明治丸を目指しSNSの投稿写真の場所を探し、付近の聞き込みをしようとマップを頼りに歩き回る。晴海運河沿いから大学の一角にある明治丸を確認した。地面に直置きされた船は歴史を感じさせる堂々たる出立ちである。存在感のある写真映えするスポットを観光で訪ずれる人がちらほらといる。その中で姿勢の良いフォームで茶色の前を男が通り過ぎた。ランニングで行き交う人の中に三浦肇を見つけた。中年の金髪頭はとても目をひく。急に声をかけるわけにはいかないので距離を保って跡をついていく。資料の顔写真をしっかり頭に入れていたので間違いない。すると、真保呂から連絡が入った。
「ちょうど今、三浦肇を見つけたところです」
「澁澤君そのまま三浦肇の勤務先まで突き止めちゃって。依頼者から催促が来てるんだよね」
「もうですか?」
「うん、わかった事すべて教えて欲しいって言われてるんだ」
「今、ランニング中なのでこのままついて行きます」
中年らしからぬスピードで離れて行ってしまったので電話を終えて急いで三浦の元へ近づいた。報告用の写真も撮らなければならない。
その頃真保呂は依頼人と三浦肇の関係に疑問を持っていた。依頼人の嘘に惑わされる真保呂ではない。
茶色はランニングを終えた三浦の自宅を突き止め自宅住所や自家用車のナンバーを控え、仕事場であるスタジオの写真を撮り終え探偵社に帰り報告をした。
「言われた通り全て調べてきました。三浦肇は越中島に住むボイストレーナーで自宅近くのスタジオを借りて個別指導を生業とする腕利きのようです」
「僕の方も調べたよ」
「真保呂さんは何を調べていたんですか?」
「依頼人の
「ここからはお散歩係の私が説明します」
「えーっ?お散歩係?」
そこにいたのはカジュアルな出立ちの20代の女性。名前も紹介されていないあの女性だ。大型犬のゴールデンレトリバーは部屋の隅で休んでいる。
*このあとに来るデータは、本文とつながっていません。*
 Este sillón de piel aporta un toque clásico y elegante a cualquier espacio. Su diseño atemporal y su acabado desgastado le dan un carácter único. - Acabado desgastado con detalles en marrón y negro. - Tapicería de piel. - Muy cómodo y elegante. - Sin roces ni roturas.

「霞さん、お願いします」と真保呂が言った事でやっと名前が知れた。
「宮代朝日は大学生インフルエンサーで歌とダンスの動画配信で人気です。この1年でフォロワーが100倍に増えたそうです。宮代をフォローしている古谷児子は人気になる前からのフォロワーで頻繁にコメントをする仲でしたが宮代の人気が急上昇し事務所との契約話がちらほら出た辺りから雑なコメントや揶揄するコメントも増えています。
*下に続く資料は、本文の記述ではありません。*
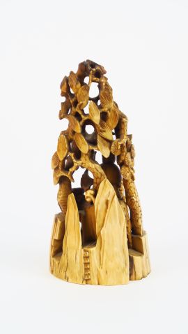 Sujet en ivoire "Scène de prière sous un arbre". Chine, vers 1900. H. 17 cm Poids : 323 g Nom scientifique de l’ivoire : ivoire d’éléphant Elephantidae spp (I/A, pré-convention), spécimen antérieur au 1er juin 1947 et conforme à la réglementation CE 338/97 du 09/12/1996, art. 2-W mc. Pour une sortie de L’UE, un CITES de ré-export sera nécessaire, celui-ci étant à la charge de l’acquéreur.

古谷児子の方もダンスグループのオーディションを頻繁に受けSNS発信をしているが良い結果はでていません。最近はネガティブな発言が多く、心配の声が上がっています」
「ダンスグループに加入を望む古谷児子がボイストレーナーの三浦に指導を願いたいって話ではないんですか?」
「古谷児子の別のSNSアカウントで『すごいもの見せてやる』と一言書かれた投稿が物議を呼んでいて、宮代朝日とのオフ会BBQで何か起きるのではと戦々恐々の声があがっているんです」
「オフ会っていうのは、実際に会って話したり食事をする親睦会ですよね?それはいつなんですか?」
「週末の日曜日です」
「予定より早い報告の催促が古谷児子から来ていた事もあるし澁澤君は明日、古谷児子に会ってきてくれ」真保呂は疑惑の古谷の調査を茶色に託した。